The package is under MIT License and is developed by the Computing and Software Cores of the Biostatistics Division's NIH Project Grant (P01) at the Department of Preventive Medicine at the University of Southern California.
## Citation
```{r, comment = ""}
citation(package="aphylo")
```
## Install
This package depends on another on-development R package, the [`fmcmc`](https://github.com/USCbiostats/fmcmc).

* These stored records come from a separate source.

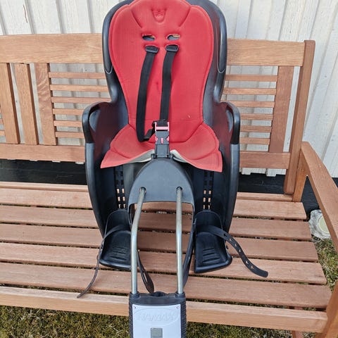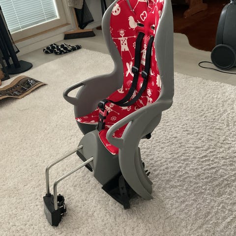 Hamax lasten pyöränistuin, enimmäiskuormitus 22 kg. Istuimessa on harmaa runko ja vihreä pehmuste sekä säädettävät jalkatuet ja turvavyöt. Kiinnitys tapahtuu mukana tulevalla runkokiinnikkeellä polkupyörän runkoon, näitä kiinnikkeitä mukana 2 kpl. Pehmustetta ei ole pesty ja se on hieman tummunut. Muilta osin moitteeton kunto. Ostettu meille uutena, käytetty kahdella lapsella. Säilytetty sisällä kuivassa.
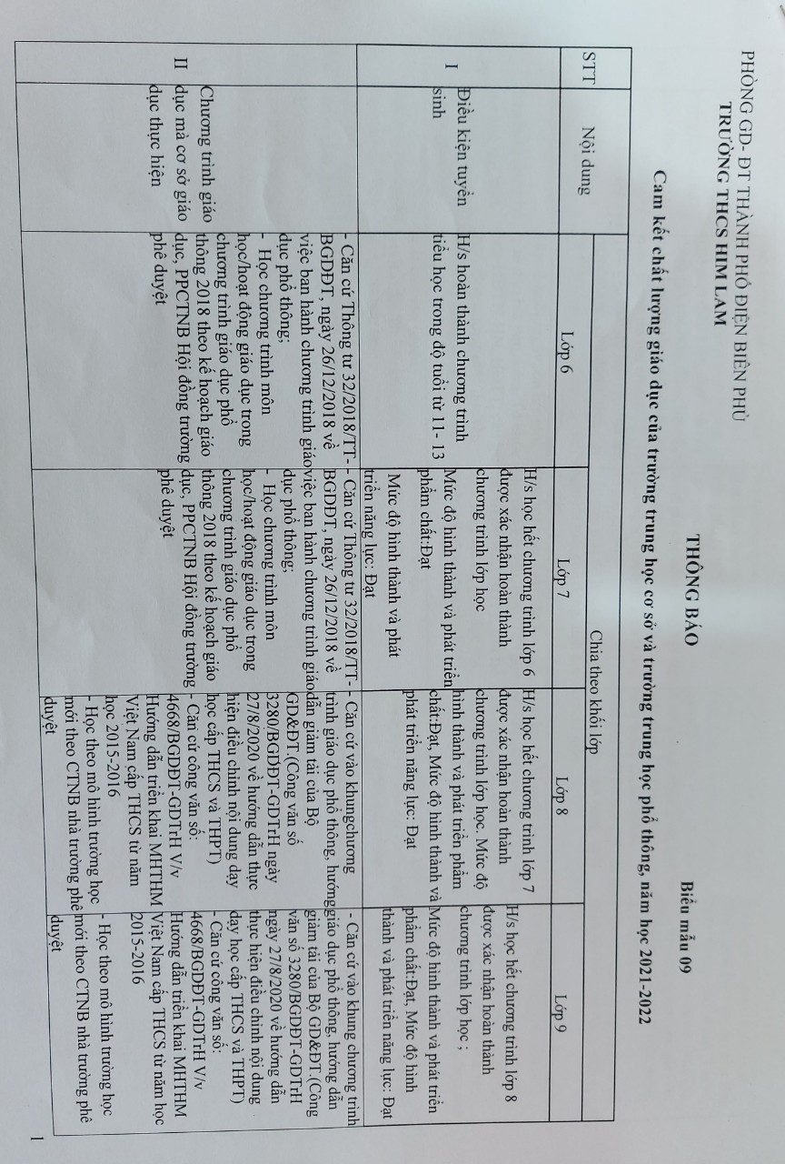 Danh sách học sinh trúng tuyển ngoài địa bàn phường Noong Bua vào lớp 6 trường THCS Him Lam Năm học 2025 - 2026
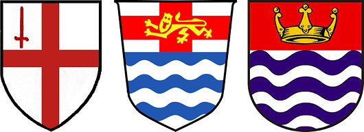 Supporters: On either side a sea-lion argent, crined, finned and tufted or, issuing from waves of the sea proper, that to the sinister grasping the banner of King Edward II; the to the sinister the banner of King Edward VII.
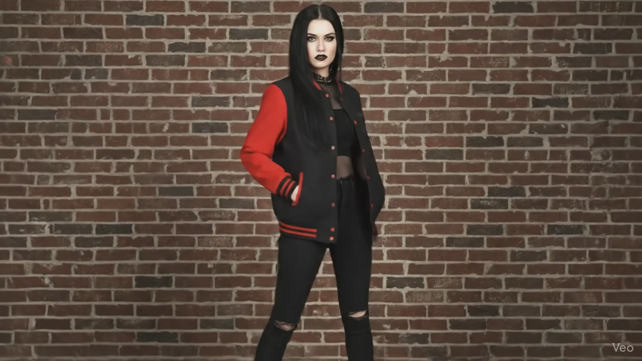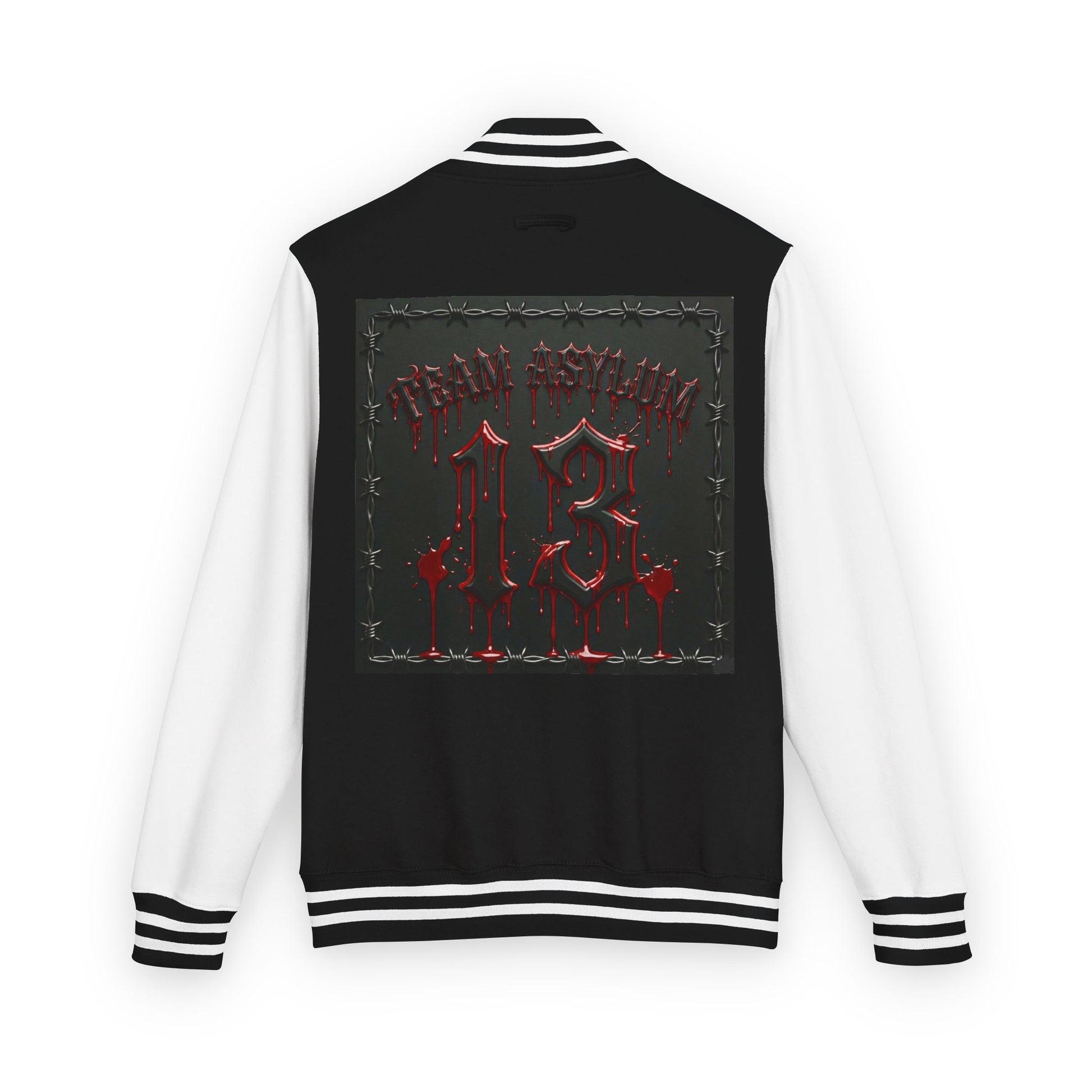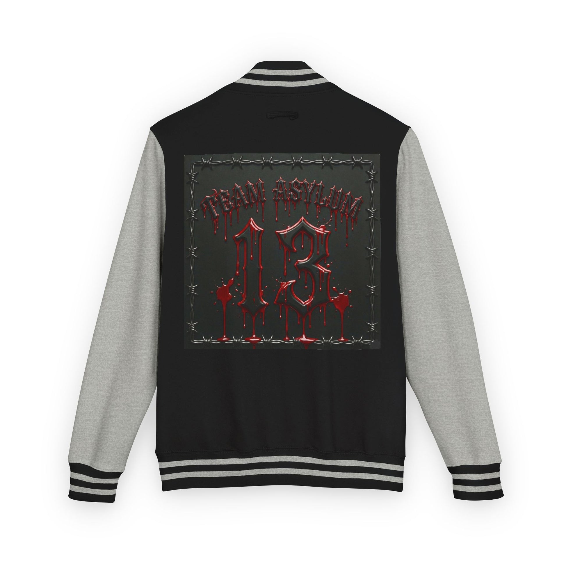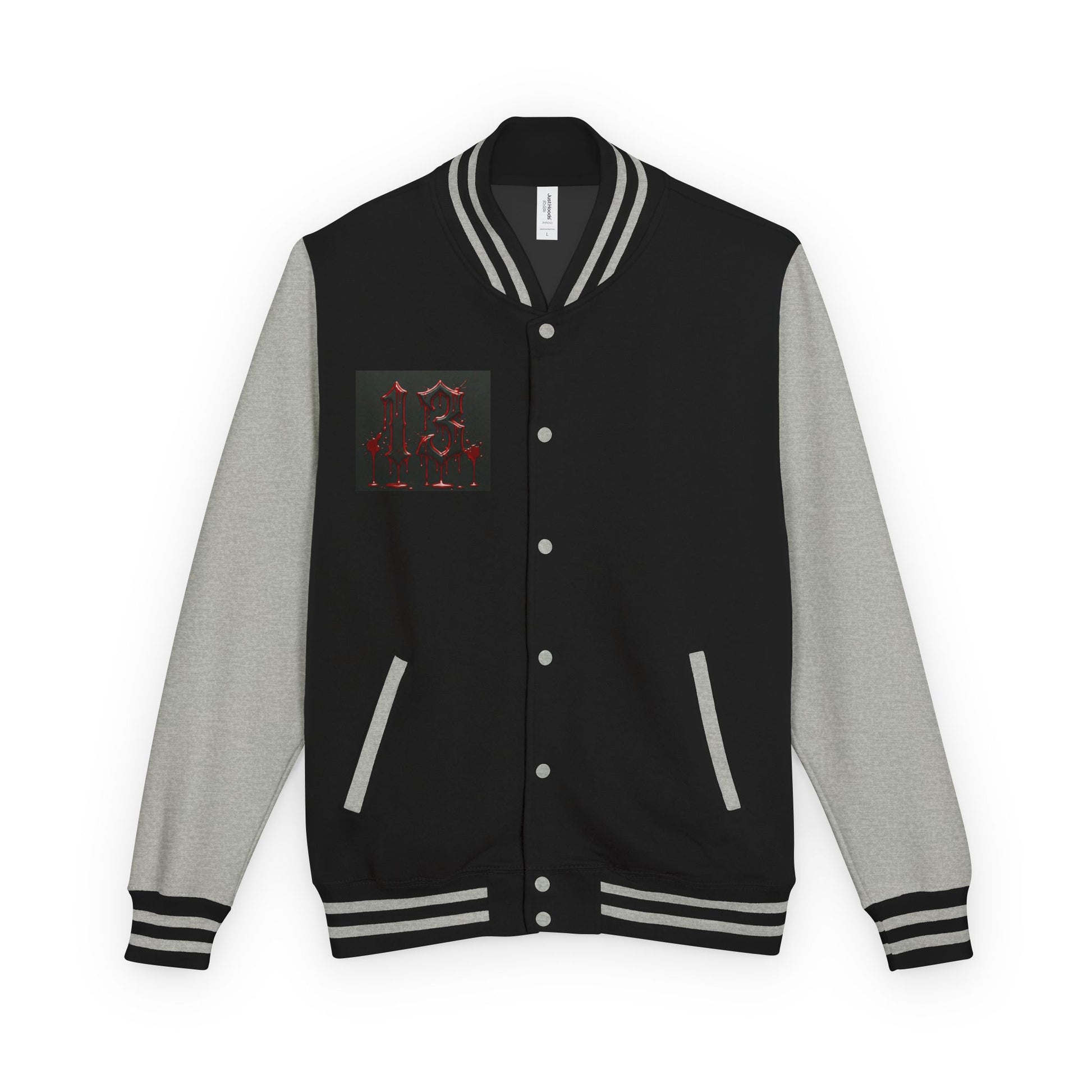 This heavyweight letterman jacket brings the edge of streetwear into a classic varsity silhouette. Thick, garment-dyed fabric drapes with a lived-in softness while the bold back panel lays out a dark, metallic-number design that reads like an emblem from underground music flyers. Crisp white sleeves and striped ribbing give contrast and structure, while the sewn-in label and sturdy snaps hold up to daily wear. Wear it to shows, late-night rides, or when you want a piece that feels part nostalgia, part rebellion — it fits into a lineup of layered looks and adds attitude without shouting.

So first, you need to install it:
```r
devtools::install_github("USCbiostats/fmcmc")
```
Then you can install the `aphylo` package
```r
devtools::install_github("USCbiostats/aphylo")
```
## Reading data
```{r Loading the package}
library(aphylo)
```
```{r Reading Data}
# This datasets are included in the package
data("fakeexperiment")
data("faketree")
head(fakeexperiment)
head(faketree)
```
```{r get-offspring}
O <- new_aphylo(
tip.annotation = fakeexperiment[,2:3],
tree = as.phylo(faketree)
)
O
as.phylo(O)
# We can visualize it
plot(O)
plot_logLik(O)
```
## Simulating annotated trees
```{r}
set.seed(198)
dat <- raphylo(
50,
P = 1,
psi = c(0.05, 0.05),
mu_d = c(0.8, 0.3),
mu_s = c(0.1, 0.1),
Pi = .4
)
dat
```
## Likelihood
```{r Computing likelihood}
# Parameters and data
psi <- c(0.020,0.010)
mu_d <- c(0.40,.10)
mu_s <- c(0.04,.01)
eta <- c(.7, .9)
pi_root <- .05
# Computing likelihood
str(LogLike(dat, psi = psi, mu_d = mu_d, mu_s = mu_s, eta = eta, Pi = pi_root))
```
# Estimation
```{r MLE}
# Using L-BFGS-B (MLE) to get an initial guess
ans0 <- aphylo_mle(dat ~ psi + mu_d + Pi + eta)
# MCMC method
ans2 <- aphylo_mcmc(
dat ~ mu_d + mu_s + Pi,
prior = bprior(c(9, 1, 1, 1, 5), c(1, 9, 9, 9, 5)),
control = list(nsteps=5e3, burnin=500, thin=10, nchains=2))
ans2
plot(
ans2,
nsample = 200,
loo = TRUE,
ncores = 2L
)
```
```{r MCMC}
# MCMC Diagnostics with coda
library(coda)
gelman.diag(ans2$hist)
plot(ans2$hist)
```
# Prediction
```{r Predict}
pred <- prediction_score(ans2, loo = TRUE)
pred
plot(pred)
```
# Misc
During the development process, we decided to allow the user to choose what 'tree-reader' function he would use, particularly between using either the **rncl** R package or ape. For such, we created a short benchmark that compares both functions [here](playground/ape_now_supports_singletons.md).